But Claude returned to the matter which worried him.

‘Then you say that Fagerolles will be entrusted with the paintings for the Municipal Council’s assembly room?’

And this remark sufficed; Mahoudeau and Gagniere, set on the track, at once started off again. Ah! a nice wishy-washy smearing it would be if that assembly room were allotted to him; and he was doing plenty of dirty things to get it. He, who had formerly pretended to spit on orders for work, like a great artist surrounded by amateurs, was basely cringing to the officials, now that his pictures no longer sold. Could anything more despicable be imagined than a painter soliciting a functionary, bowing and scraping, showing all kinds of cowardice and making all kinds of concessions? It was shameful that art should be dependent upon a Minister’s idiotic good pleasure! Fagerolles, at that official dinner he had gone to, was no doubt conscientiously licking the boots of some chief clerk, some idiot who was only fit to be made a guy of.

‘Well,’ said Jory, ‘he effects his purpose, and he’s quite right. You won’t pay his debts.’

‘Debts? Have I any debts, I who have always starved?’ answered Mahoudeau in a roughly arrogant tone. ‘Ought a fellow to build himself a palace and spend money on creatures like that Irma Becot, who’s ruining Fagerolles?’

At this Jory grew angry, while the others jested, and Irma’s name went flying over the table. But Mathilde, who had so far remained reserved and silent by way of making a show of good breeding, became intensely indignant. ‘Oh! gentlemen, oh! gentlemen,’ she exclaimed, ‘to talk before us about that creature. No, not that creature, I implore you!

After that Henriette and Sandoz, who were in consternation, witnessed the rout of their menu. The truffle salad, the ice, the dessert, everything was swallowed without being at all appreciated amidst the rising anger of the quarrel; and the chambertin and sparkling moselle were imbibed as if they had merely been water. In vain did Henriette smile, while Sandoz good-naturedly tried to calm them by making allowances for human weakness. Not one of them retreated from his position; a single word made them spring upon each other. There was none of the vague boredom, the somniferous satiety which at times had saddened their old gatherings; at present there was real ferocity in the struggle, a longing to destroy one another. The tapers of the hanging lamp flared up, the painted flowers of the earthenware on the walls bloomed, the table seemed to have caught fire amid the upsetting of its symmetrical arrangements and the violence of the talk, that demolishing onslaught of chatter which had filled them with fever for a couple of hours past.

And amid the racket, when Henriette made up her mind to rise so as to silence them, Claude at length remarked:

‘Ah! if I only had the Hotel de Ville work, and if I could! It used to be my dream to cover all the walls of Paris!’

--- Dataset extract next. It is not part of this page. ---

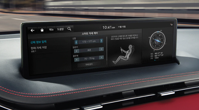 • 인포테인먼트 : 제네시스 인포테인먼트 시스템(14.5인치 디스플레이, Genesis Connected Services, 폰 프로젝션, 도로파손/미끄럼 지역 알림, 블루투스 멀티커넥션, 제네시스 카페이, 발레모드, 뮤직 스트리밍 서비스), 내비게이션 자동 무선 업데이트, 9스피커, 앞좌석 & 뒷좌석 USB 단자

They returned to the drawing-room, where the little chandelier and the bracket-candelabra had just been lighted. It seemed almost cold there in comparison with the kind of hot-house which had just been left; and for a moment the coffee calmed the guests. Nobody beyond Fagerolles was expected. The house was not an open one by any means, the Sandozes did not recruit literary dependents or muzzle the press by dint of invitations. The wife detested society, and the husband said with a laugh that he needed ten years to take a liking to anybody, and then he must like him always. But was not that real happiness, seldom realised? A few sound friendships and a nook full of family affection. No music was ever played there, and nobody had ever read a page of his composition aloud.

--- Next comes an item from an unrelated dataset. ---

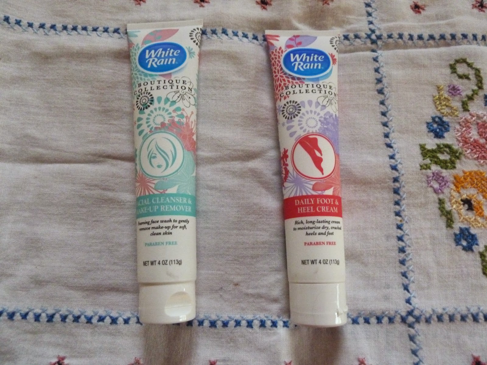 Continuing with the White Rain, we have the facial cleanser & makeup remover, and the daily foot & heel cream.

On that particular Thursday the evening seemed a long one, on account of the persistent irritation of the men. The ladies had begun to chat before the smouldering fire; and when the servant, after clearing the table, reopened the door of the dining-room, they were left alone, the men repairing to the adjoining apartment to smoke and sip some beer.

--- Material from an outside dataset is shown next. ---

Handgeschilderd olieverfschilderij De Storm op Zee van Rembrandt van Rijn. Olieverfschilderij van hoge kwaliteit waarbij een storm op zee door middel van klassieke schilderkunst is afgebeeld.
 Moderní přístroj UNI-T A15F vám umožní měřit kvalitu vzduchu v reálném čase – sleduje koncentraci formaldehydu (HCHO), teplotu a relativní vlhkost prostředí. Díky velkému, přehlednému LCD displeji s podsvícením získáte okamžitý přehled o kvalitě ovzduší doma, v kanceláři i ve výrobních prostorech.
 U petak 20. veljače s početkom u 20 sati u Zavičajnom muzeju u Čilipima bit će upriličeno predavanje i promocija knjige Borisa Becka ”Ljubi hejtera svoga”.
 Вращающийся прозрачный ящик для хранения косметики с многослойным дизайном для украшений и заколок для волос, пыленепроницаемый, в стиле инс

Sandoz and Claude, who were not smokers, soon returned, however, and sat down, side by side, on a sofa near the doorway. The former, who was glad to see his old friend excited and talkative, recalled the memories of Plassans apropos of a bit of news he had learnt the previous day. Pouillaud, the old jester of their dormitory, who had become so grave a lawyer, was now in trouble over some adventure with a woman. Ah! that brute of a Pouillaud! But Claude did not answer, for, having heard his name mentioned in the dining-room, he listened attentively, trying to understand.

Jory, Mahoudeau, and Gagniere, unsatiated and eager for another bite, had started on the massacre again. Their voices, at first mere whispers, gradually grew louder, till at last they began to shout.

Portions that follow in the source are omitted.